[Entries taken from a collection]
-----

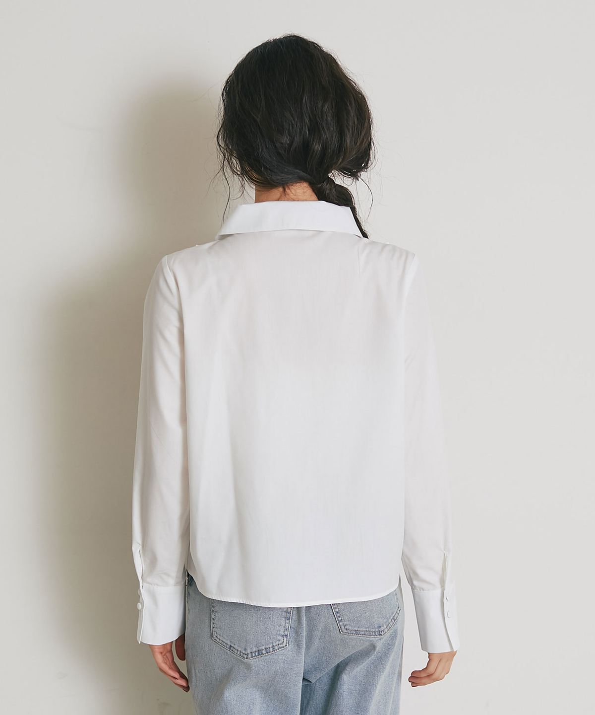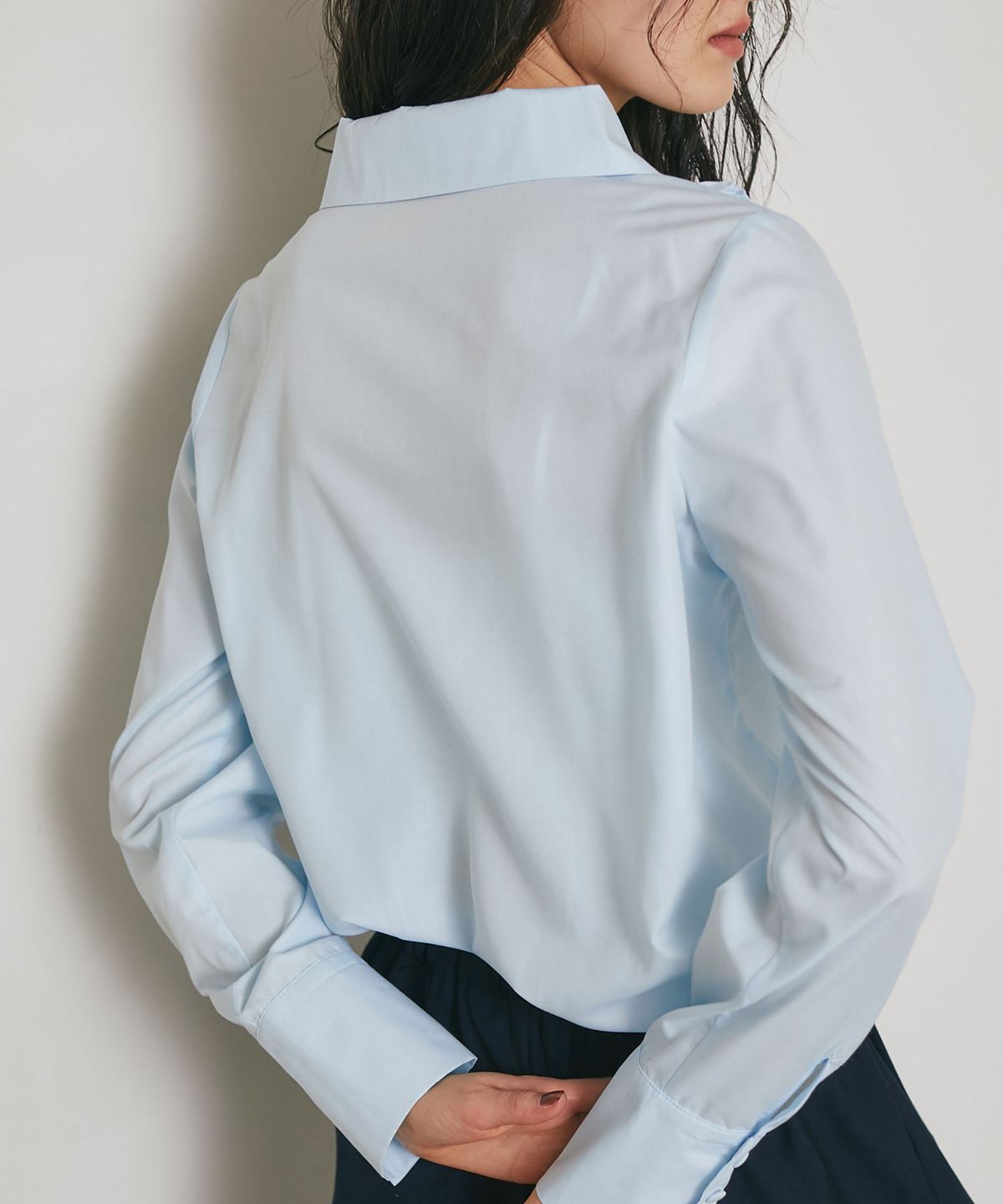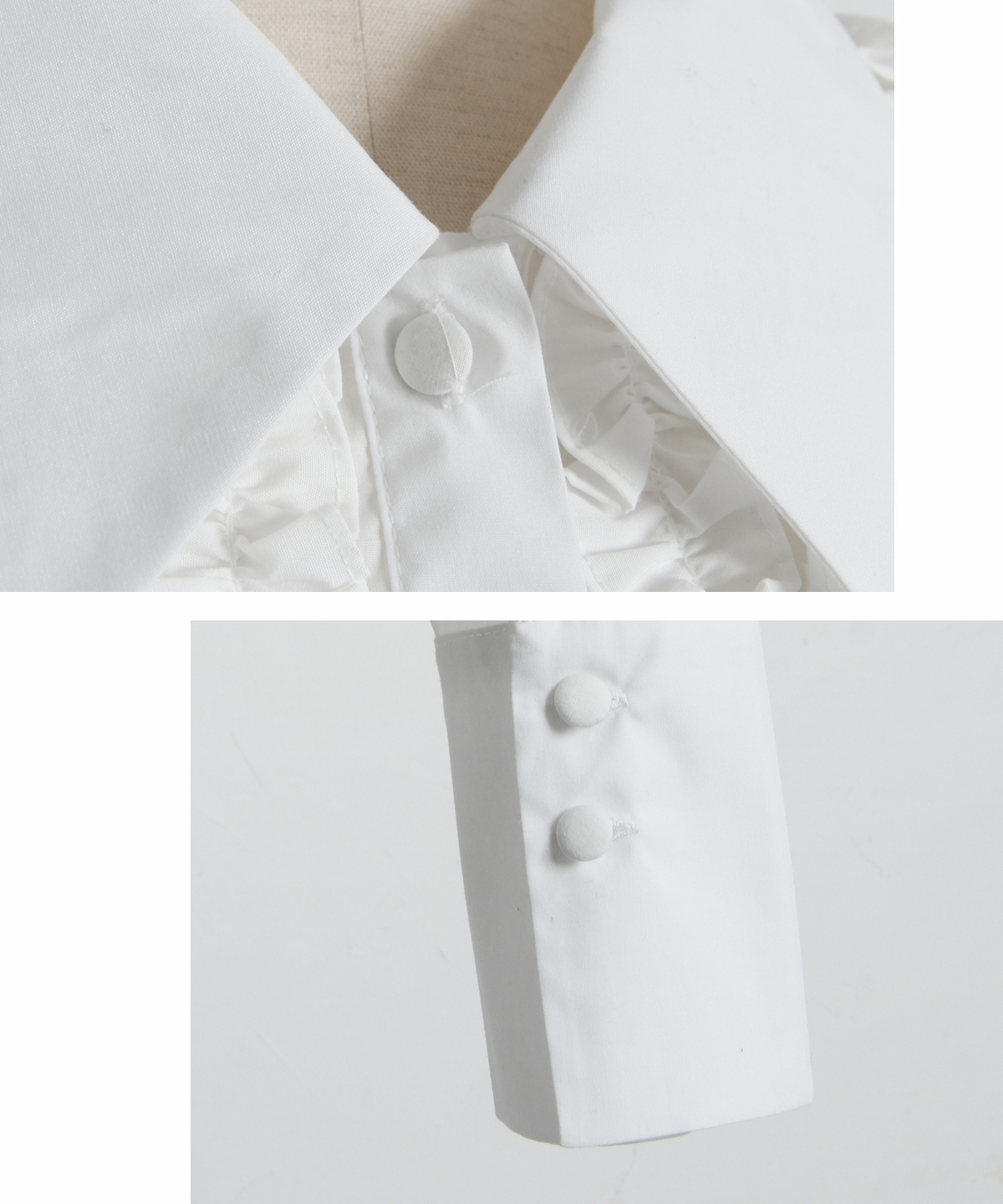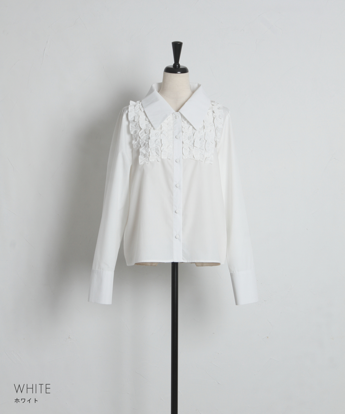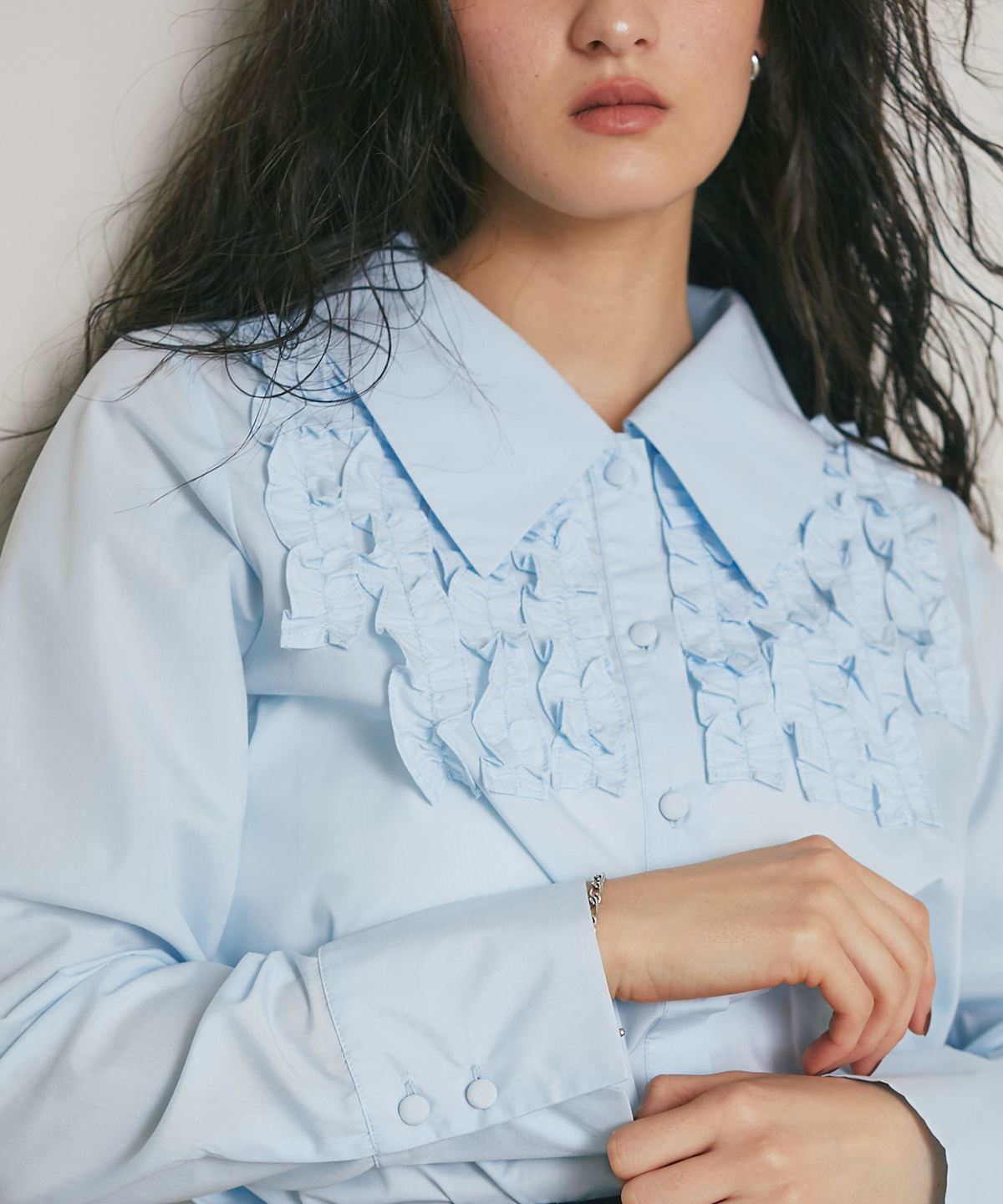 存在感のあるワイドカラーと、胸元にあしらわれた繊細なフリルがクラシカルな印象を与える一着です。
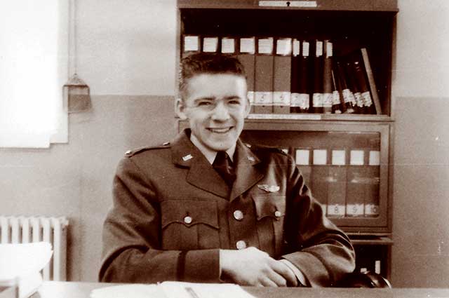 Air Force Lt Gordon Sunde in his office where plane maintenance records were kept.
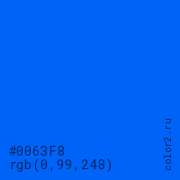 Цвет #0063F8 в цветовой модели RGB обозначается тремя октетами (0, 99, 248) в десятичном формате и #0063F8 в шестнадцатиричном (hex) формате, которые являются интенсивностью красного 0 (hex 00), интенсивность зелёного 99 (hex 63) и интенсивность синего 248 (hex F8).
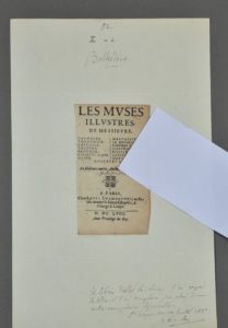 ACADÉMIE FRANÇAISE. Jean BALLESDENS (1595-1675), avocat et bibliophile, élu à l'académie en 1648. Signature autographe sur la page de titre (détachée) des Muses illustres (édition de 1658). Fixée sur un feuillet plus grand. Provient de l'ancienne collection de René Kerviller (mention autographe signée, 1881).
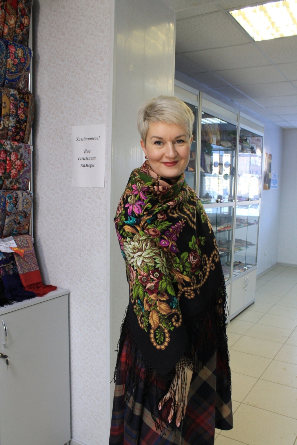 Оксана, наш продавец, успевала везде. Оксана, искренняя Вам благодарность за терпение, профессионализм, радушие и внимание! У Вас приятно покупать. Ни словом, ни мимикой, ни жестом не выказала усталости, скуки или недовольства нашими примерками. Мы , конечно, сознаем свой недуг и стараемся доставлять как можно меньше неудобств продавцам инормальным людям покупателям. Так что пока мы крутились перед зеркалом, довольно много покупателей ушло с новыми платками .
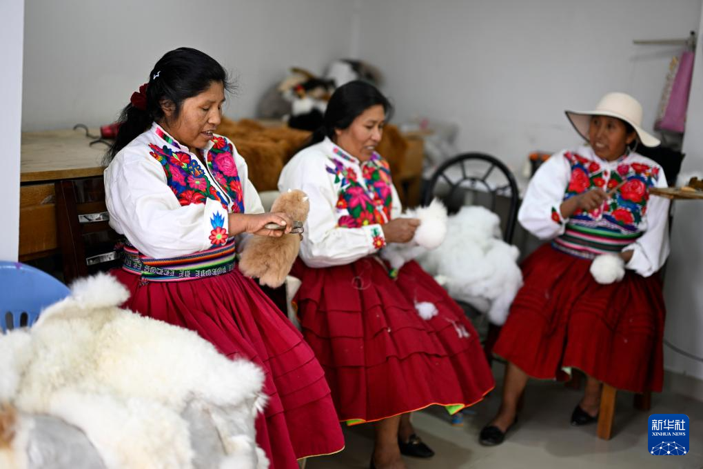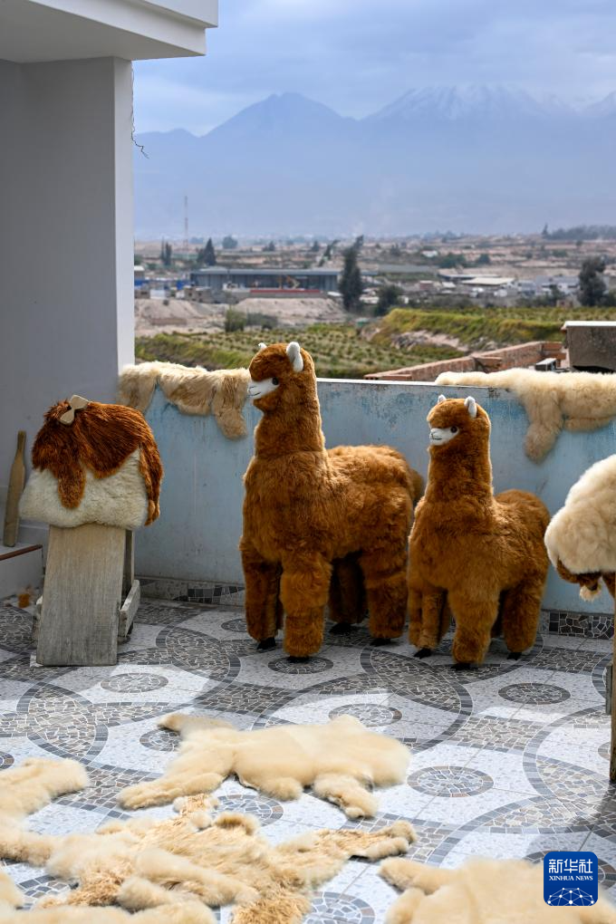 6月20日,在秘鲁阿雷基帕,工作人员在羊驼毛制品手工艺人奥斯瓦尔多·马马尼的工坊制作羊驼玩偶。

-----

*Task*.
Transcribe the whole of the data exactly, minus any pictures.

*Solved exercise*.
 存在感のあるワイドカラーと、胸元にあしらわれた繊細なフリルがクラシカルな印象を与える一着です。
 Air Force Lt Gordon Sunde in his office where plane maintenance records were kept.
 Цвет #0063F8 в цветовой модели RGB обозначается тремя октетами (0, 99, 248) в десятичном формате и #0063F8 в шестнадцатиричном (hex) формате, которые являются интенсивностью красного 0 (hex 00), интенсивность зелёного 99 (hex 63) и интенсивность синего 248 (hex F8).
 ACADÉMIE FRANÇAISE. Jean BALLESDENS (1595-1675), avocat et bibliophile, élu à l'académie en 1648. Signature autographe sur la page de titre (détachée) des Muses illustres (édition de 1658). Fixée sur un feuillet plus grand. Provient de l'ancienne collection de René Kerviller (mention autographe signée, 1881).
 Оксана, наш продавец, успевала везде. Оксана, искренняя Вам благодарность за терпение, профессионализм, радушие и внимание! У Вас приятно покупать. Ни словом, ни мимикой, ни жестом не выказала усталости, скуки или недовольства нашими примерками. Мы , конечно, сознаем свой недуг и стараемся доставлять как можно меньше неудобств продавцам инормальным людям покупателям. Так что пока мы крутились перед зеркалом, довольно много покупателей ушло с новыми платками .
 6月20日,在秘鲁阿雷基帕,工作人员在羊驼毛制品手工艺人奥斯瓦尔多·马马尼的工坊制作羊驼玩偶。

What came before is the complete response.